● **PROVIDED DATA**
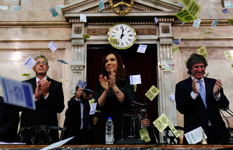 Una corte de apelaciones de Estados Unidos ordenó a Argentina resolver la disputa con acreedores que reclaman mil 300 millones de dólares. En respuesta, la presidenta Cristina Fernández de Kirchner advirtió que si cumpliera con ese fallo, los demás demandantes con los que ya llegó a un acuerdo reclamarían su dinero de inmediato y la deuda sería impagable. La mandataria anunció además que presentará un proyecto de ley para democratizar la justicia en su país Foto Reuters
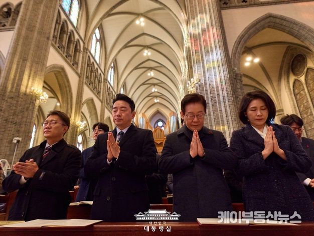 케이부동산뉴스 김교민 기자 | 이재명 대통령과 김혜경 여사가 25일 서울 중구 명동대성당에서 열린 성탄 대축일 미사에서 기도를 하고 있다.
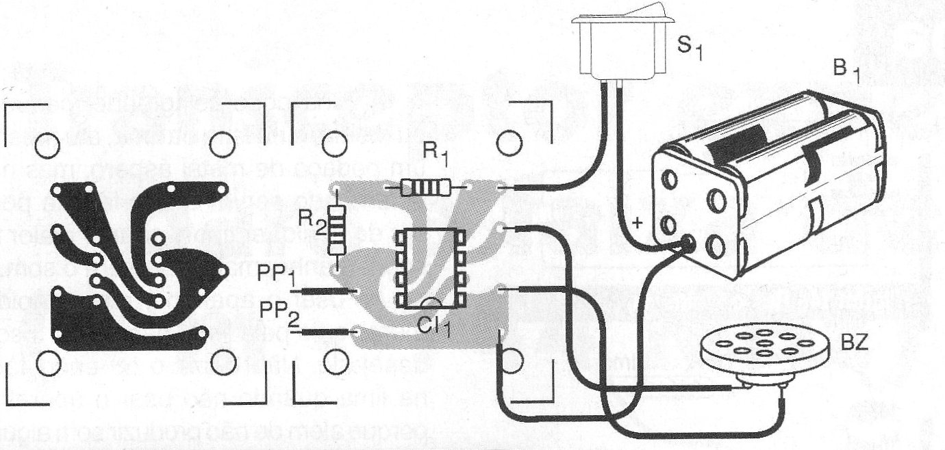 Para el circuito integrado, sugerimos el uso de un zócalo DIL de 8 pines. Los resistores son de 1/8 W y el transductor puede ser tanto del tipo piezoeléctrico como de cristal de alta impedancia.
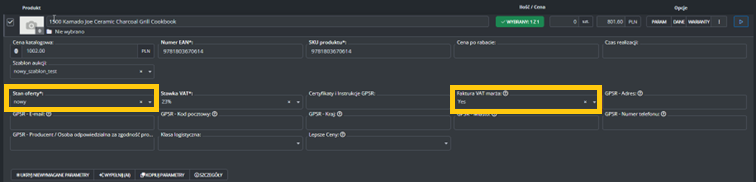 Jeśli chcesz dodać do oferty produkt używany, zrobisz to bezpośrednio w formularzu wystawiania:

...

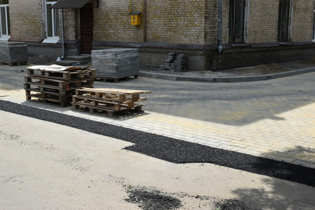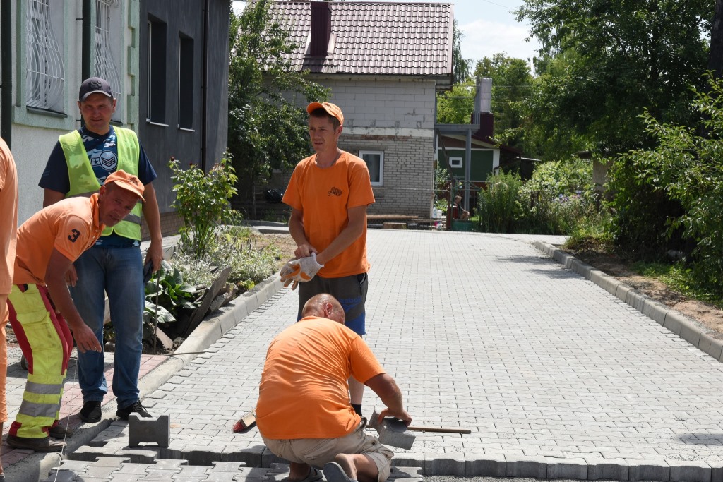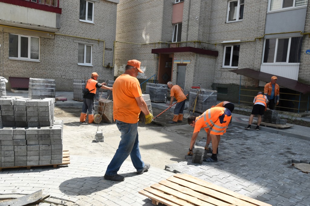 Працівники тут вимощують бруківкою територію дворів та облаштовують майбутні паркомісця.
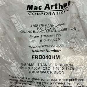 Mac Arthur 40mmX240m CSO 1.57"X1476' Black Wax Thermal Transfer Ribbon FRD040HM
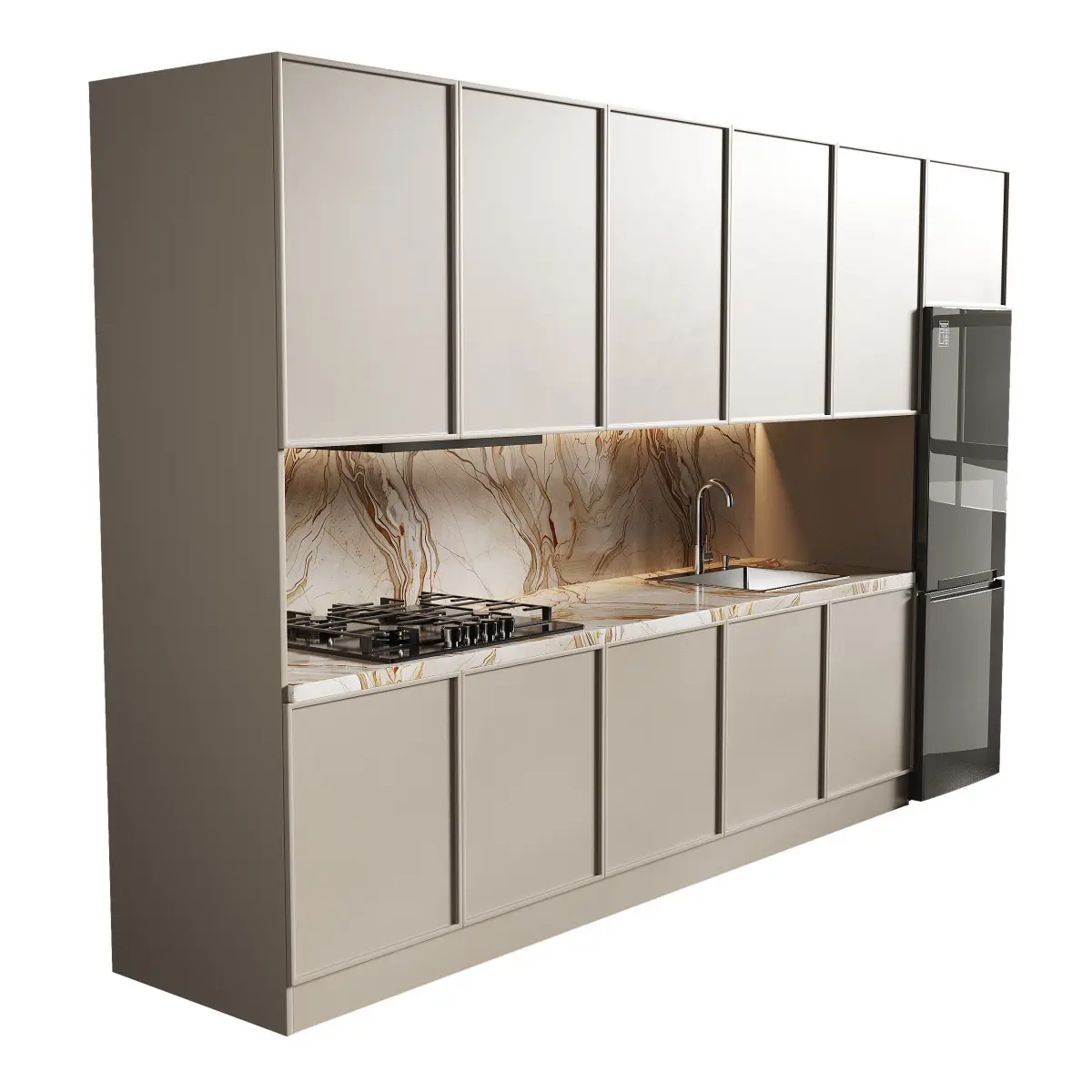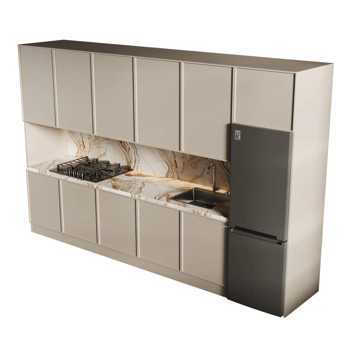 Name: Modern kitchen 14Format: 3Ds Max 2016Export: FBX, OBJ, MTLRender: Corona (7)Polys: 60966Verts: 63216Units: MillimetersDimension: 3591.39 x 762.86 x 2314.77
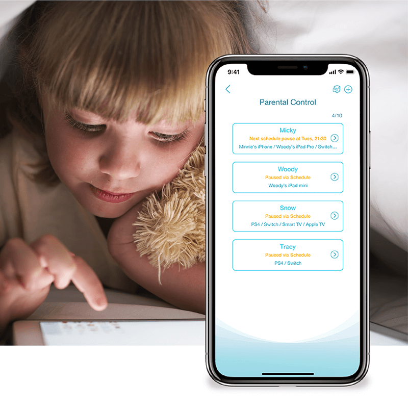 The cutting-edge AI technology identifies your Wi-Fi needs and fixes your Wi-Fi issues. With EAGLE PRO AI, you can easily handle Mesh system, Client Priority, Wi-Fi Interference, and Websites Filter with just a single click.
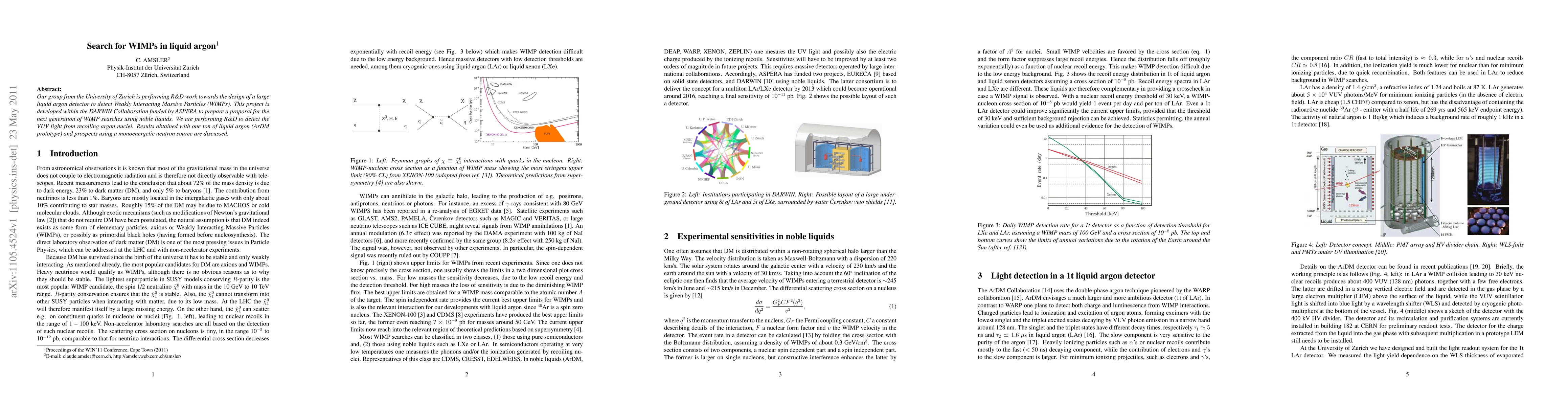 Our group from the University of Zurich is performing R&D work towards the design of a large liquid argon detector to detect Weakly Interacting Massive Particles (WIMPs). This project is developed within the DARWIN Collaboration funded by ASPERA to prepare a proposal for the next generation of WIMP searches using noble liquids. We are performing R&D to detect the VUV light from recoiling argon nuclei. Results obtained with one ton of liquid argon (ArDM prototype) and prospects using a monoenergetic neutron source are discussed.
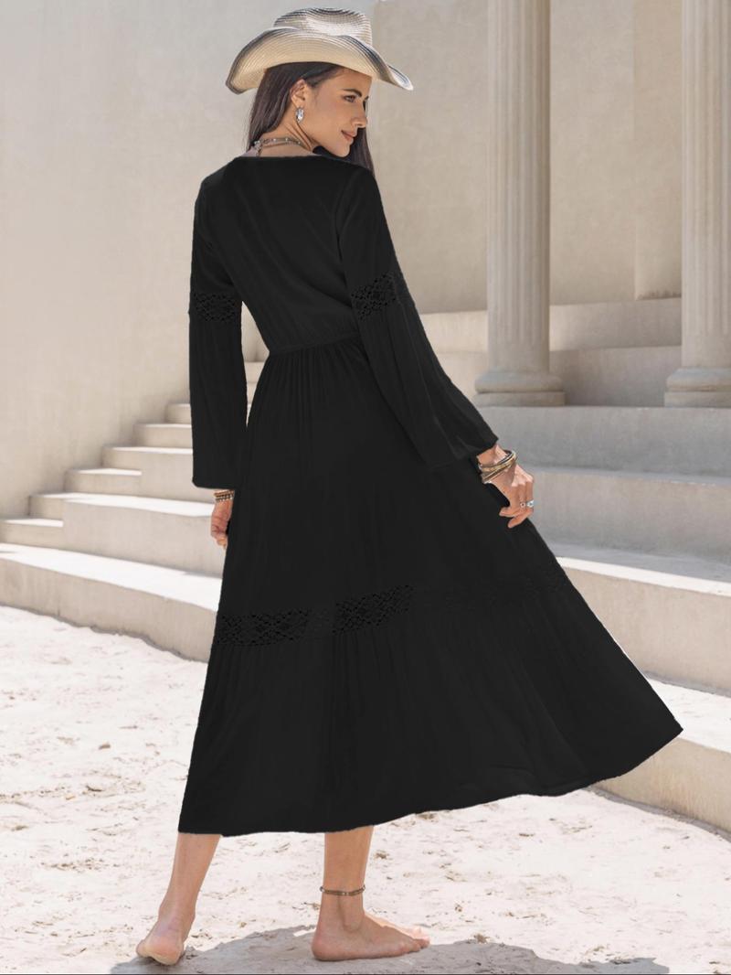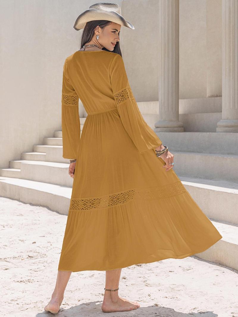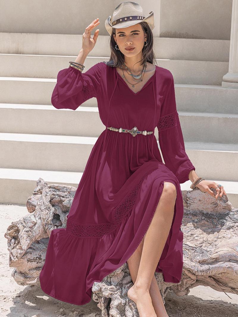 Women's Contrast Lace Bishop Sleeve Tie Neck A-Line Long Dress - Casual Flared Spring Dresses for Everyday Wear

● **TASK INSTRUCTIONS**
Beginning with the line that contains "Name: Modern kitchen", write out the lines of the material above exactly, and end with the line that contains "Women's Contrast Lace". Omit the pictures.

● **REPLY**
 Name: Modern kitchen 14Format: 3Ds Max 2016Export: FBX, OBJ, MTLRender: Corona (7)Polys: 60966Verts: 63216Units: MillimetersDimension: 3591.39 x 762.86 x 2314.77
 The cutting-edge AI technology identifies your Wi-Fi needs and fixes your Wi-Fi issues. With EAGLE PRO AI, you can easily handle Mesh system, Client Priority, Wi-Fi Interference, and Websites Filter with just a single click.
 Our group from the University of Zurich is performing R&D work towards the design of a large liquid argon detector to detect Weakly Interacting Massive Particles (WIMPs). This project is developed within the DARWIN Collaboration funded by ASPERA to prepare a proposal for the next generation of WIMP searches using noble liquids. We are performing R&D to detect the VUV light from recoiling argon nuclei. Results obtained with one ton of liquid argon (ArDM prototype) and prospects using a monoenergetic neutron source are discussed.
 Women's Contrast Lace Bishop Sleeve Tie Neck A-Line Long Dress - Casual Flared Spring Dresses for Everyday Wear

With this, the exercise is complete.